═════ Dataset extract ═════
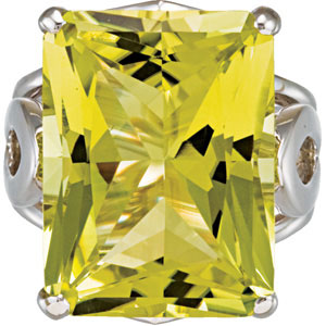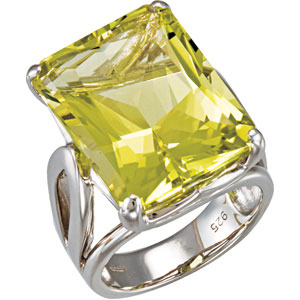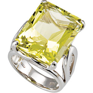 Genuine Green Gold Quartz Ring. Sterling Silver. Set with 1ea 20.200 Ct -- 20x15 MM, Gemstone GREEN GOLD QUARTZ.
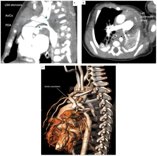 Mediastinal DTs located at the level of the mediastinum is a rare finding, especially in the pediatric population [3,4,5]. Anterior chest wall localization is the most frequently reported [3,4] in pediatric patients, and only five cases have been observed with true intrathoracic DTs in this population [5]. There are no reports of a mediastinal DT resulting in aortic coarctation and left main bronchus stenosis in children and there have been no DTs described in newborns.
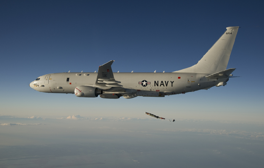 资料图:美海军P-8反潜侦察机。
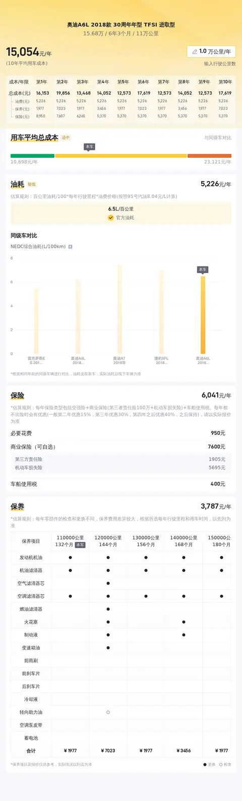 经懂车帝大数据分析,这辆奥迪A6L 2018款 30周年年型 TFSI 进取型的10年平均用车成本约15142元/年,动力方面,搭载1.8T 直列4缸,涡轮增压发动机,百公里加速仅8.5s,动力秒杀2018款雷克萨斯ES,匹配7挡湿式双离合变速箱,换挡平顺,传动效率高。
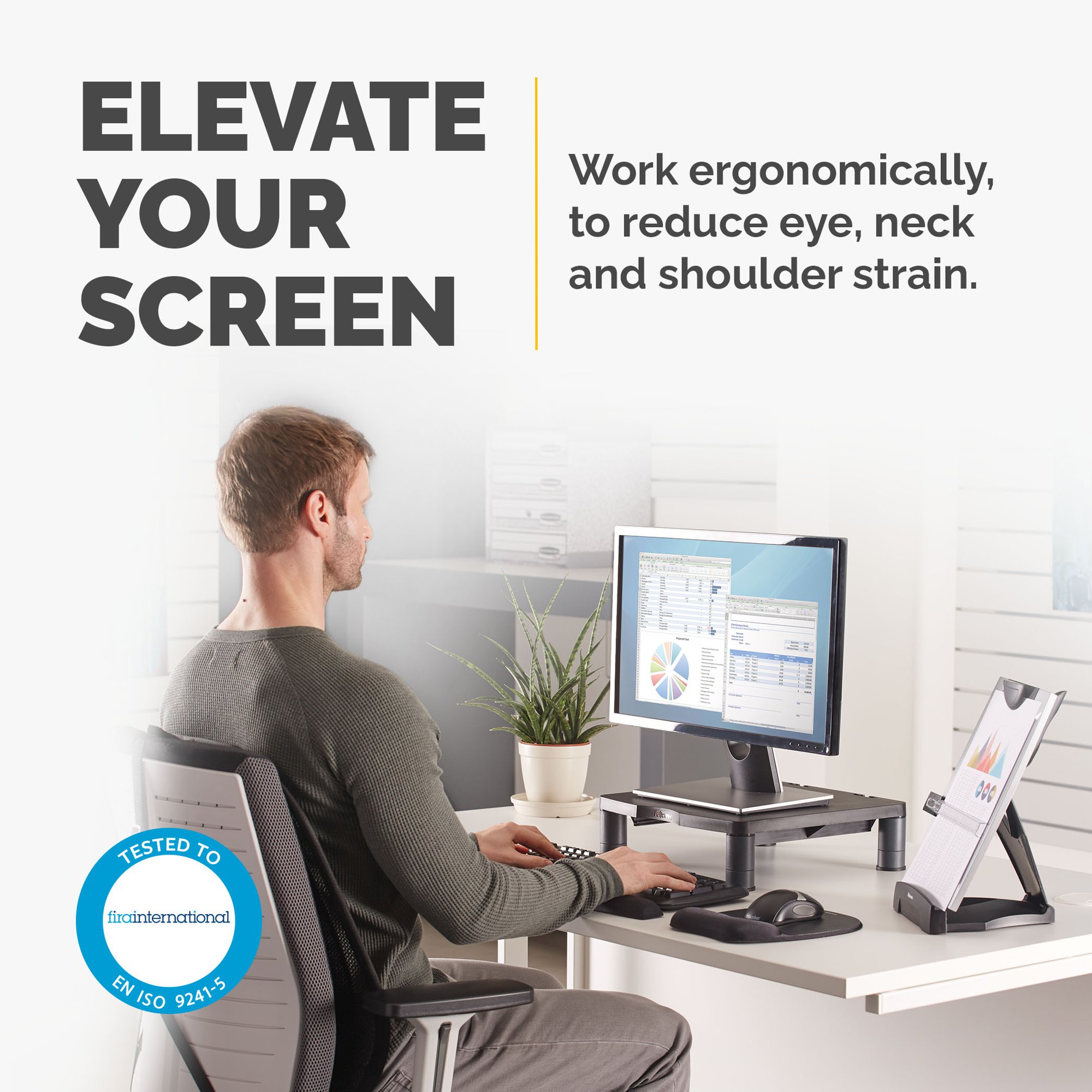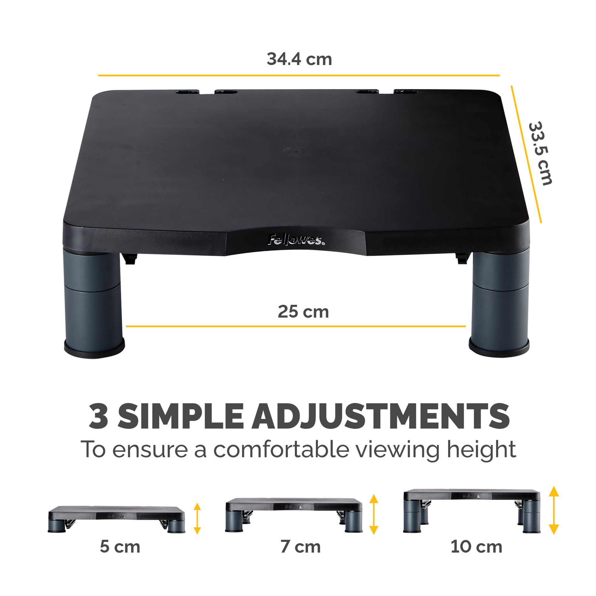 A few easy adjustments to your workstation can make a huge difference to your daily routine. Moving your head to view your screen or to read documents requires you to tilt and turn your neck and upper back. Positioning your screen incorrectly can put serious strain on your eyes, neck and shoulders which is why this Fellowes computer stand is a necessity for your workspace as it allows you to place your monitor at a more ergonomically-correct viewing position to suit you. This adjustable monitor stand can support up to a 21-Inch CRT or TFT/LCD monitor or a maximum weight of 27 kg, and features non skid foot rings, ensuring stability on any surface. accommodate the ideal viewing angle that ideal suits your needs, the Standard computer stand features three height adjustable settings (50-100 mm) allowing you to find a comfortable screen position accustomed to you. This monitor riser is accredited by FIRA International, an independent Ergonomic Accreditor.
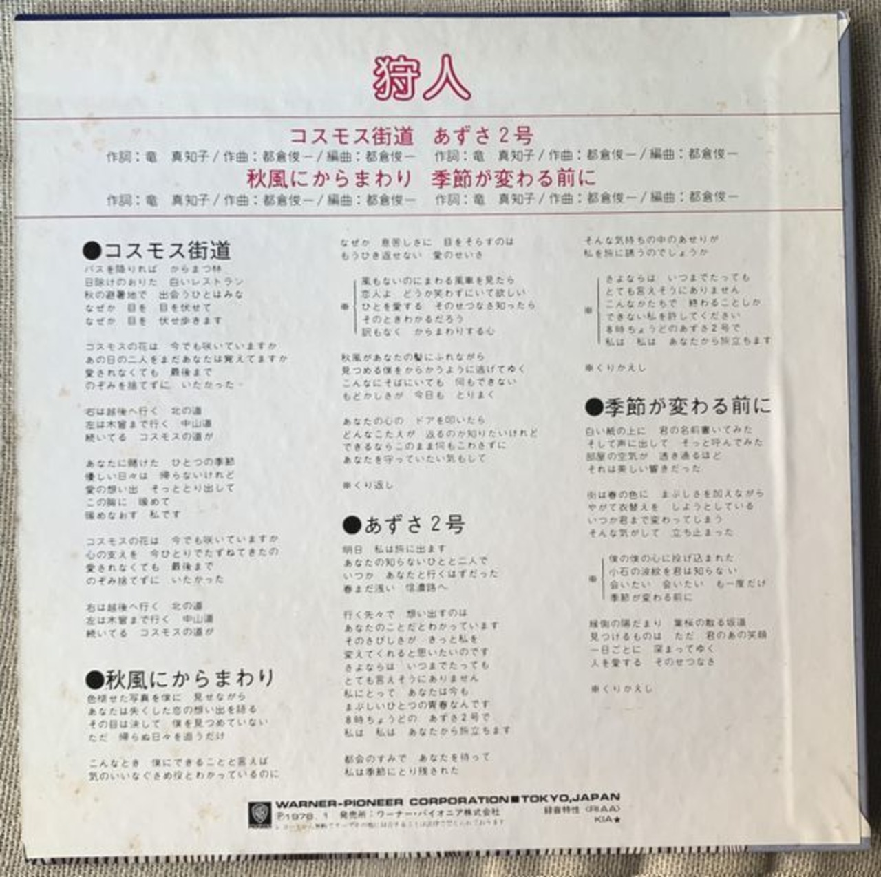 1978年、定価800円、ワーナー・パイオニア、番号L-3052W
═════
**Exercise brief**
When you copy the entries above, reproduce each line exactly and leave out any pictures.

**Your solution**
 Genuine Green Gold Quartz Ring. Sterling Silver. Set with 1ea 20.200 Ct -- 20x15 MM, Gemstone GREEN GOLD QUARTZ.
 Mediastinal DTs located at the level of the mediastinum is a rare finding, especially in the pediatric population [3,4,5]. Anterior chest wall localization is the most frequently reported [3,4] in pediatric patients, and only five cases have been observed with true intrathoracic DTs in this population [5]. There are no reports of a mediastinal DT resulting in aortic coarctation and left main bronchus stenosis in children and there have been no DTs described in newborns.
 资料图:美海军P-8反潜侦察机。
 经懂车帝大数据分析,这辆奥迪A6L 2018款 30周年年型 TFSI 进取型的10年平均用车成本约15142元/年,动力方面,搭载1.8T 直列4缸,涡轮增压发动机,百公里加速仅8.5s,动力秒杀2018款雷克萨斯ES,匹配7挡湿式双离合变速箱,换挡平顺,传动效率高。
 A few easy adjustments to your workstation can make a huge difference to your daily routine. Moving your head to view your screen or to read documents requires you to tilt and turn your neck and upper back. Positioning your screen incorrectly can put serious strain on your eyes, neck and shoulders which is why this Fellowes computer stand is a necessity for your workspace as it allows you to place your monitor at a more ergonomically-correct viewing position to suit you. This adjustable monitor stand can support up to a 21-Inch CRT or TFT/LCD monitor or a maximum weight of 27 kg, and features non skid foot rings, ensuring stability on any surface. accommodate the ideal viewing angle that ideal suits your needs, the Standard computer stand features three height adjustable settings (50-100 mm) allowing you to find a comfortable screen position accustomed to you. This monitor riser is accredited by FIRA International, an independent Ergonomic Accreditor.
 1978年、定価800円、ワーナー・パイオニア、番号L-3052W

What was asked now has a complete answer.